The figure above just gives you a rough idea of how bit-packed works in general, it isn’t exactly what parquet bit-packed encoding does, we will look into this later in Bit-packed arbitrary bit-width.
Parquet bit-packed encoding for boolean data
For boolean data, each value can be either true or false, so 1-bit width is sufficient. Encoding
and decoding using 1-bit width is much easier than arbitrary bit-width because there are no values
crossing byte boundaries.
Encode
For encoding, values are packed together into 8-bit groups using LSB (Least Significant Bit) first. Groups with fewer than 8 bits are padded with 0.

Decode
Decoding can be performed by fetching every 8-bit group at a time, then shifting bits until there is no remaining data left (or if we get enough values).

You can optimize decoding by fetching more than 8 bits at a time (i.e. 32 bits).
Task
bit_packed_decode
Implement the bit_packed_decode function in src/decoder/bit_packed.rs.
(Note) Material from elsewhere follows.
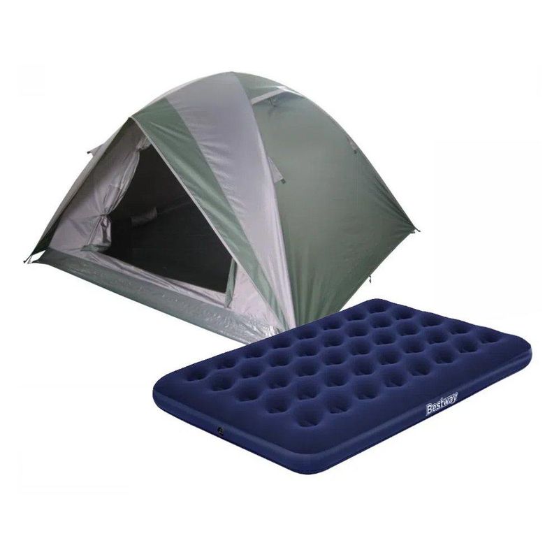 Barraca Guepardo News Venus Ultra PRO 4 Pessoas 2500mm Coluna D Agua - VD/CZ + Colchão Inflável Casal Multiuso Azul camping e casa - Bestway

It takes the encoded page
data as Bytes and returns a decoded vector of Scalar.
pub fn bit_packed_decode(
encoded_data: Bytes,
parquet_type: Type,
bit_width: u8,
num_values: usize,
) -> Result<Vec<Scalar>> {
todo!("step09: implement the boolean data decoder")
}
For boolean data, the bit-width is always 1.
plain_decode
Update the plain_decode in src/decoder/plain.rs function to handle boolean data type.
pub fn plain_decode(
encoded_data: Bytes,
parquet_type: Type,
num_values: usize,
) -> Result<Vec<Scalar>> {
match parquet_type {
// ...
Type::BOOLEAN => todo!("step09: decode boolean"),
// ...
}
}
Test
Test case for this step is step09_boolean_column.
Hints and Solution
Hint (decoding steps)
- Fetch the data each 8 bits at a time. (You can optimize by reading 4 bytes at a time in little endian).
- Shift right until there are no bits left or until you get enough values.
- Create vector of boolean
Scalar.
Solution
bit_packed_decode:
pub fn bit_packed_decode(
encoded_data: Bytes,
parquet_type: Type,
bit_width: u8,
num_values: usize,
) -> Result<Vec<Scalar>> {
let mut encoded_data = encoded_data;
let mut needed = num_values;
let mut scalars = Vec::with_capacity(num_values);
while needed > 0 {
let group = encoded_data.get_u8();
for i in 0..needed.min(8) {
scalars.push(Scalar::from(group >> i & 1 == 1));
}
needed = needed.saturating_sub(8);
}
Ok(scalars)
}
plain_decode:
pub fn plain_decode(
encoded_data: Bytes,
parquet_type: Type,
num_values: usize,
) -> Result<Vec<Scalar>> {
let mut encoded_data = encoded_data;
let mut scalars = Vec::with_capacity(num_values);
match parquet_type {
// ...
Type::BOOLEAN => scalars = bit_packed_decode(encoded_data, Type::BOOLEAN, 1, num_values)?,
// ...
}
Ok(scalars)
}